A Cuba manca anche l’acqua corrente
Da mesi ci sono interruzioni che durano anche settimane, a causa della crisi economica, dei frequenti blackout e delle pessime condizioni della rete idrica
Nelle ultime settimane con sempre più frequenza in varie province di Cuba e nella capitale L’Avana manca l’acqua corrente. Il problema va avanti da inizio luglio, ma ultimamente si è aggravato: il governo ha detto che non ci sono soluzioni immediate e ha riconosciuto che la carenza riguarda oltre 600mila cittadini, ma il numero reale potrebbe essere molto superiore. Ci sono state anche alcune proteste nelle strade, cosa che accade raramente dato che le manifestazioni pubbliche di dissenso non sono tollerate dal regime comunista che governa l’isola.
L’assenza di acqua, che in alcune zone dura anche per settimane, è causata da una rete idrica insufficiente e molto deteriorata, nonché dalla costante carenza di energia e di carburante. I frequenti blackout bloccano le pompe dell’acqua, che poi hanno bisogno di ore per far raggiungere a tutto l’impianto la pressione necessaria, quando non sono danneggiate dalle interruzioni. La carenza di benzina invece rende spesso inutilizzabili le autobotti, soluzioni alternative ormai diventate una necessità quotidiana in molte zone dell’isola.
La crisi del sistema idrico è l’ultimo effetto di una più grande crisi economica del paese, la più grave dal 1959, quando ci fu la rivoluzione guidata da Fidel Castro: i problemi vanno avanti da anni e hanno portato alla cronica carenza di cibo, medicine e materie prime, oltre che di energia e carburante. La popolazione fatica a trovare i beni di cui ha bisogno per la vita quotidiana, e quando li trova non può permetterseli a causa dell’inflazione. In molti casi le infrastrutture del paese mancano anche della minima manutenzione, e quindi smettono di funzionare: è il caso delle centrali elettriche, ma anche della rete idrica, soggetta a enormi perdite di acqua. È stato stimato che solo all’Avana i cosiddetti “salideros”, punti in cui i tubi dell’acqua perdono, siano oltre duemila.
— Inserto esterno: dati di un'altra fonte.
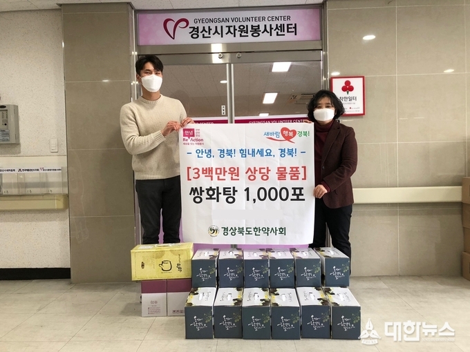 4월 6일(월), 경상북도 한약사회(회장 전지민)는 선별진료소 의료진 및 관계자들의 피로회복과 면역력을 높여주는데 도움을 주는 쌍화탕(1,000포, 300만원 상당)을 지원하였다.
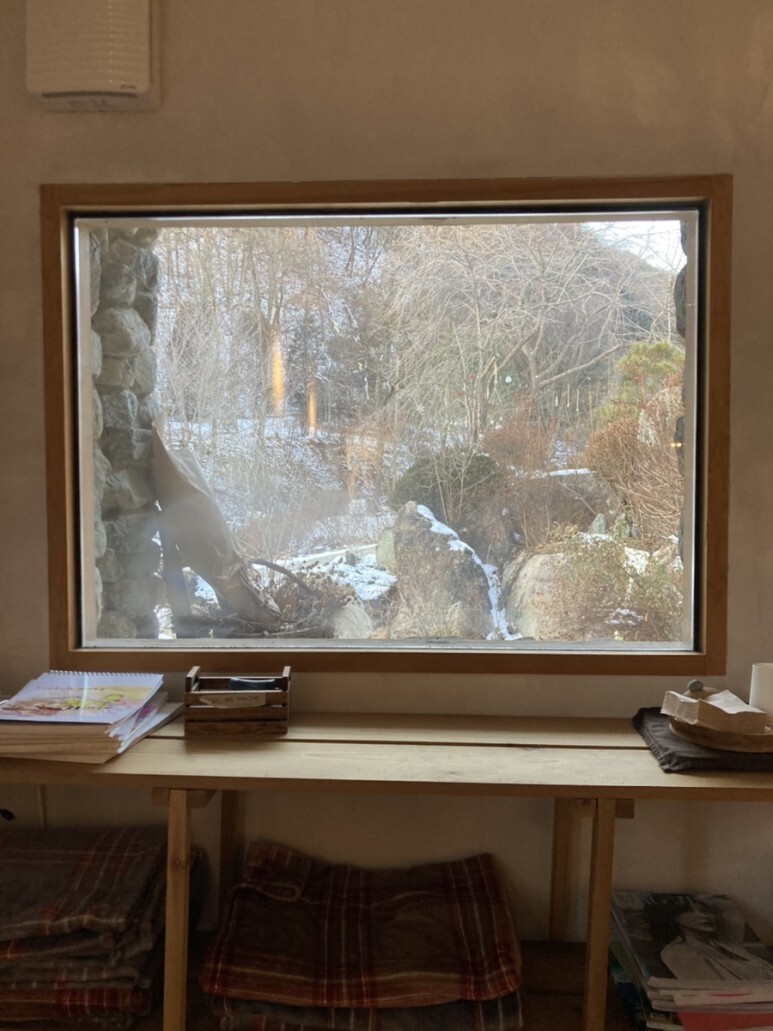 (외진 곳에 위치해 자주는 아니겠지만) 통창이라 아무래도 지나가는 손님들하고 눈이 마주칠 수 있는? 좀 노출된 공간이라

Alle 600mila persone senza acqua riconosciute dal governo si deve aggiungere una parte della popolazione molto più ampia a cui l’acqua non arriva con costanza, ma che deve gestire interruzioni anche di una o più giornate. Secondo l’Osservatorio cubano per i diritti umani (OCDH) la situazione è notevolmente peggiore di quanto riconosca il governo: il 17 per cento della popolazione non avrebbe accesso all’acqua potabile (quasi due milioni di persone), il 27 per cento potrebbe contarci per meno di 4 giorni alla settimana, meno della metà della popolazione avrebbe un servizio stabile.
Oltre alle proteste la carenza di acqua ha portato alla nascita di un mercato nero, che riguarda soprattutto gli approvvigionamenti con le autobotti: per ottenerne una sono necessari circa 8.000 pesos (più o meno 300 euro). Sono prezzi fuori dalla portata della maggior parte della popolazione, che infatti cerca soluzioni alternative: su molti balconi e tetti delle case cubane ci sono cisterne per raccogliere l’acqua piovana o per fare scorte quando l’acqua potabile raggiunge gli appartamenti, ma spesso sono necessari anche viaggi quotidiani verso i punti di distribuzione.
Il governo e le autorità locali hanno promesso l’installazione di nuove pompe per potenziare l’acquedotto, ma Antonio Rodríguez Rodríguez, presidente dell’Istituto Nazionale per le Risorse Idriche (INRH), ha confermato che la condizione attuale è destinata a durare: «Speriamo che grazie ai lavori l’anno prossimo la situazione possa migliorare, anche se questo non significa che risolveremo tutti i problemi di tracimazione, intasamento e approvvigionamento idrico», ha detto.
I problemi economici, strutturali e di gestione di Cuba hanno aggravato il problema dell’acqua, che negli ultimi cinque anni ha colpito tutta l’area caraibica, con una frequenza inedita. Trinidad e Tobago, Dominica, Giamaica, Barbados e Grenada sono alcuni dei paesi che negli ultimi anni hanno dovuto gestire periodi anche prolungati di siccità, che secondo alcuni studiosi potrebbero diventare «la nuova norma».